Coding agents

What’s an agent?

The definition of the term “agent” in AI has been hotly debated since at least the 1990s. For this workshop, we’ll use my preferred simple definition:

An LLM agent runs tools in a loop to achieve a goal.

The agent harness is the software that sends a prompt to a Large Language Model, checks if the model wants to use a tool, executes that tool, feeds the result back to the model, and repeats. That’s the loop.

A tool can be almost anything - a calculator, a web browser, a database query, an entire programming language.

The goal is whatever you tell the agent to achieve through prompting.

What’s a coding agent?

LLMs have been surprisingly good at writing code since GPT-3 in 2022. This makes sense when you consider that the grammatical rules of Python or JavaScript are trivial compared to human languages like Chinese and English.

They’re also notoriously prone to making mistakes. A mistake in code is bad, it means the code won’t run or, if it does, won’t do the thing you want it to do.

A coding agent solves this by being able to execute the code it writes. It can write some code, run it, see an error, fix the error, run it again, and inspect the output - all in a loop, iterating until it works.

This characteristic is transformational. It upgrades LLMs from weird fuzzy text prediction machines to systems that can almost-reliably write code and solve problems.

Anthropic and OpenAI spent most of 2025 focusing on improving the coding ability of their models. In November 2025 the release of Claude Opus 4.5 and GPT-5.1 represented a significant leap forward in coding ability, especially when the models are run within Claude Code or OpenAI’s Codex agents.

ChatGPT and Claude as coding agents

You don’t actually need Claude Code or Codex to explore the power of coding agents. The ChatGPT and Claude consumer apps both have built-in code interpreter features that can write and execute code during a conversation, in Python and other languages.

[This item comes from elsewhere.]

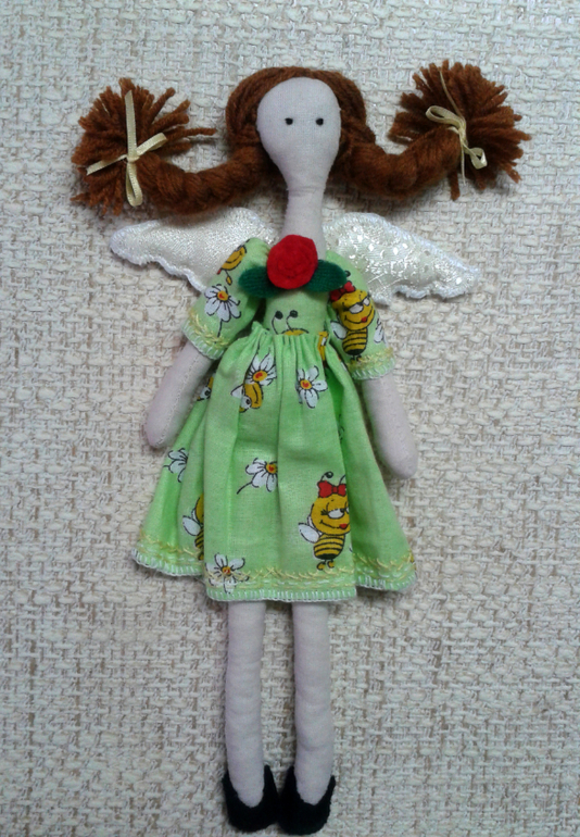 Куколка по выкройке ФЕЕЧКА-КОФЕЕЧКА (из книги, только там была дана выкройка совсем символическая, поэтому пришлось свою плохонькую сделать).Брошь-роза и туфельки -из фетра. Ее я сделала без припусков на швы и она получилась 25 см.Если сделать припуски, то будет немного побольше. прошу прощения за выкройку- делала наспех для себя.

You can upload data files such as CSVs or Excel spreadsheets and ask questions about them, and the chatbot will write and then execute code to analyze the data and show you the results.

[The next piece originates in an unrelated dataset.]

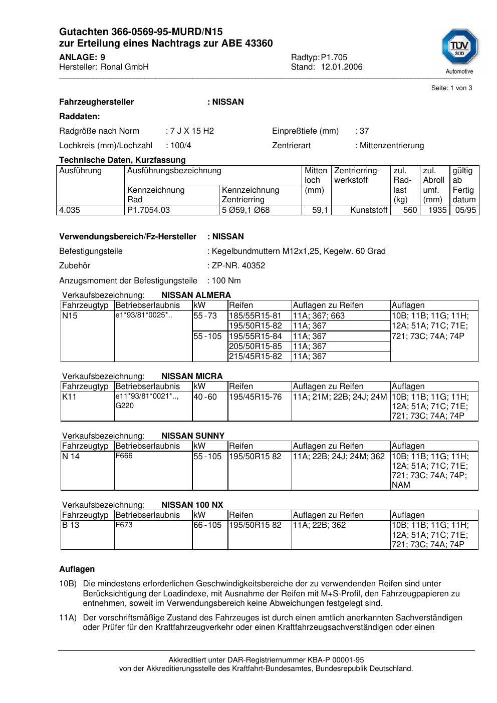 Dieses Gutachten (abe) bezieht sich auf die Alufelge Ronal P1.705 in der Ausführung 7Jx15 ET 0, Mittenloch 0 mm (KBA 43360). Im PDF findest du typischerweise zulässige Reifengrößen, Auflagen/Anbauhinweise und – je nach Dokument – Hinweise zur Eintragung.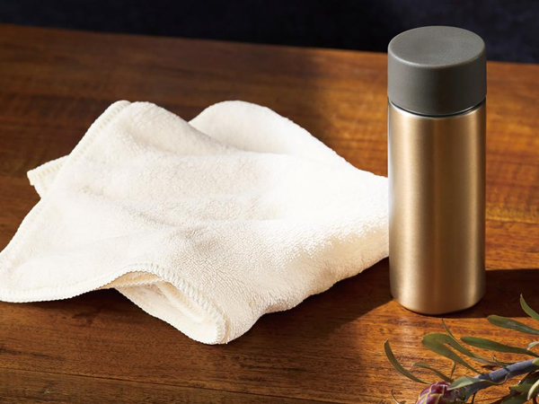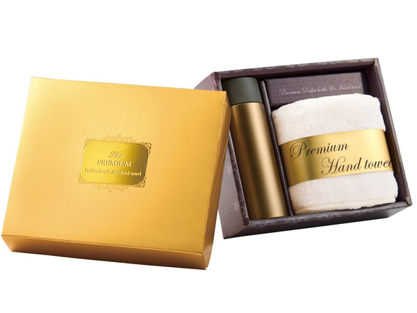 見た目のよいゴールドのパッケージ箱に入ったマグボトルとハンドタオルのセットです。ハンドタオルは特に手触りの良い普通のタオルです。よくあるハンドタオルは20cmですが、こちらは約30cmなのでちょっと大き目がうれしい実用的サイズです。

ChatGPT can also download data files directly from web search into its sandboxed container, so you can ask it to find data for you.

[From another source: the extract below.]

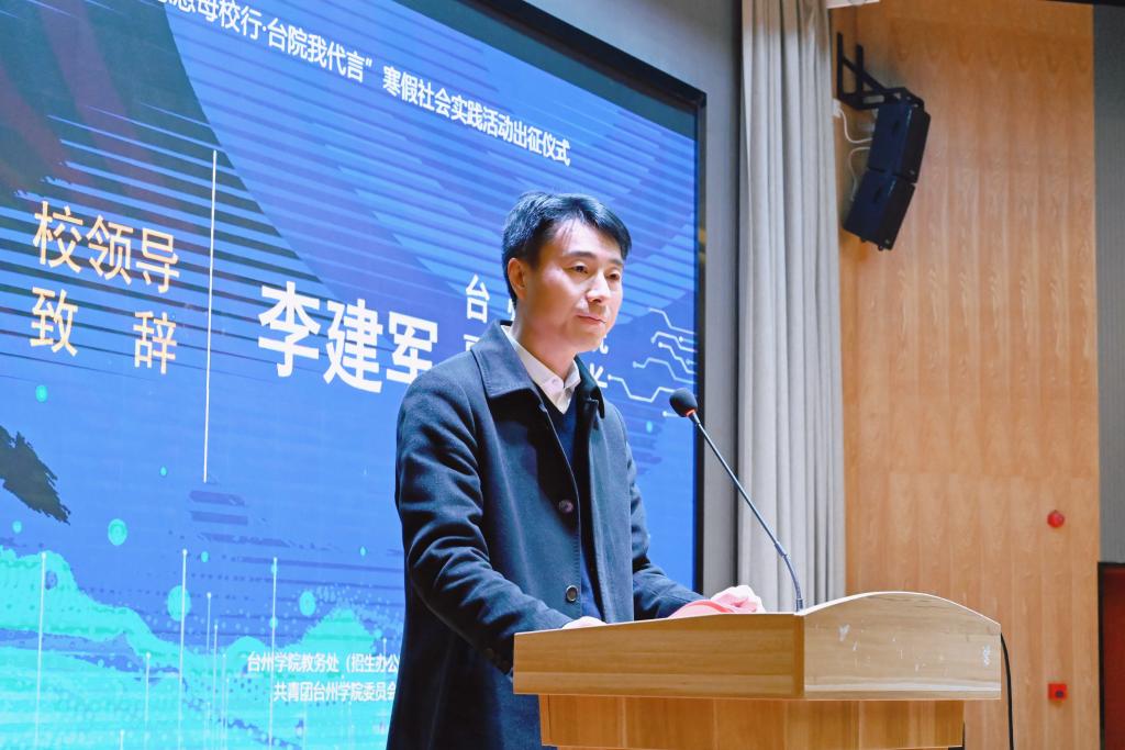 李建军代表学校党政向即将出征的社会实践队员表示亲切的慰问和良好祝愿,对相关部门和学院表示衷心的感谢,对历年我校学生在寒假社会实践工作中取得的成绩给予肯定,同时对今年我校寒假社会实践活动的规模和形式的变化表示赞赏,认为这反映了越来越多的台院学子投身台院的发展,增强台院的影响力。他勉励广大同学充分利用好寒假时间,以诚挚之心感谢母校高中的培养,以真诚之态做好“台院发言人” 。

Let’s try that now. This should even work with the free tier of both services.

The tools we’ll use

In this workshop we’ll primarily use two terminal-based coding agents:

  • Claude Code from Anthropic - run it by typing claude in your terminal

  • Codex from OpenAI - run it by typing codex in your terminal

I’ll be using these via GitHub Codespaces. You can run them on your own machine if you prefer.